How much of a change in global oil prices can be attributed to changes in the relative demand for oil? And how much might be attributed to changes in the relative supply of oil?
Those are questions that we've asked and answered before, but now, for the first time, we can finally quantify the extent to which either of these economic factors may be driving the price!
We can do that math now thanks to the work of James Hamilton, who built a model of how much world oil prices change in response to changes in the prices of other commodities - ones that are particularly sensitive to changes in the demand for them: copper, U.S. dollars, and 10-Year Constant Maturity U.S. Treasuries.

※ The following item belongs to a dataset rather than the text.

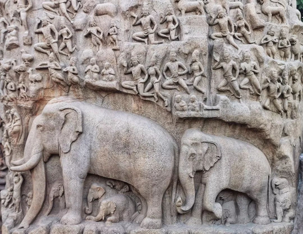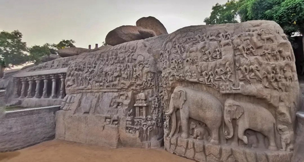 馬哈巴利普拉姆古寺廟建于公元7至8世紀(jì),由阿周那石雕、五戰(zhàn)車神廟、海岸神廟等古跡組成。
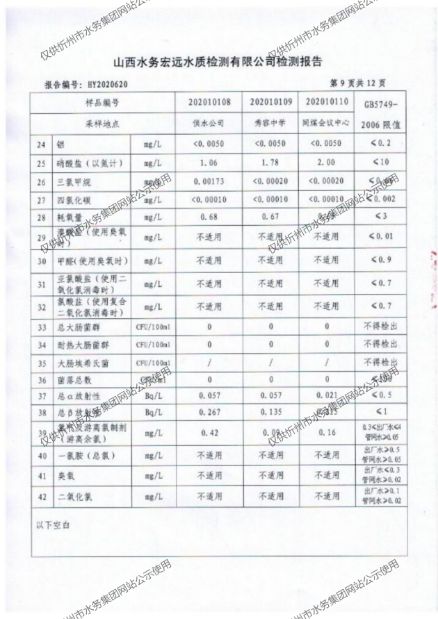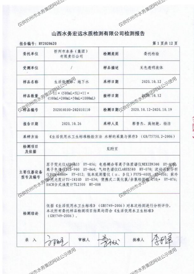忻州城區公共供水水源水、出廠水、管網水、管網末梢水2020年10月份水質信息公示

Our tool below is built to do that math, with the default values being the values recorded for the week of 4 July 2014 (for the "Previous Values" and for the week of 12 December 2014 (for the "Current Values"), which Hamilton recommends because they smooth out some of the big swings in values that are recorded in the day-to-day data. If you want to do the math for the current day, here is where you can obtain the data for the "Current Values" to replace the default values we've entered in the tool below:
- Investing.com: Historical Price of Copper
- Federal Reserve Economic Data: Trade-Weighted U.S. Dollar Index
- Federal Reserve Economic Data: Constant Maturity 10-Year U.S. Treasury Yield
- Federal Reserve Economic Data: Crude Oil Prices: Brent - Europe
Got all that? Here's the tool....
Using the default data, which applied for the week of 12 December 2014, we find that 42.8%, or $20.29 of the $47.45 per barrel change in Brent crude oil prices following the week of 4 July 2014 can be attributed to a negative change in global demand (from slowing national economies, particularly in Europe and Asia), while 57.2% might be attributed to the relative changes in the supply of crude oil (thanks largely to increases in U.S. oil production.)
And so, just like the recent discovery involving the causality associated with the chicken and egg dilemma, we now know not only whether its changes in demand or supply factors that are mostly driving changes in the price of oil in the world, but can now also determine tow what extent each factor is responsible!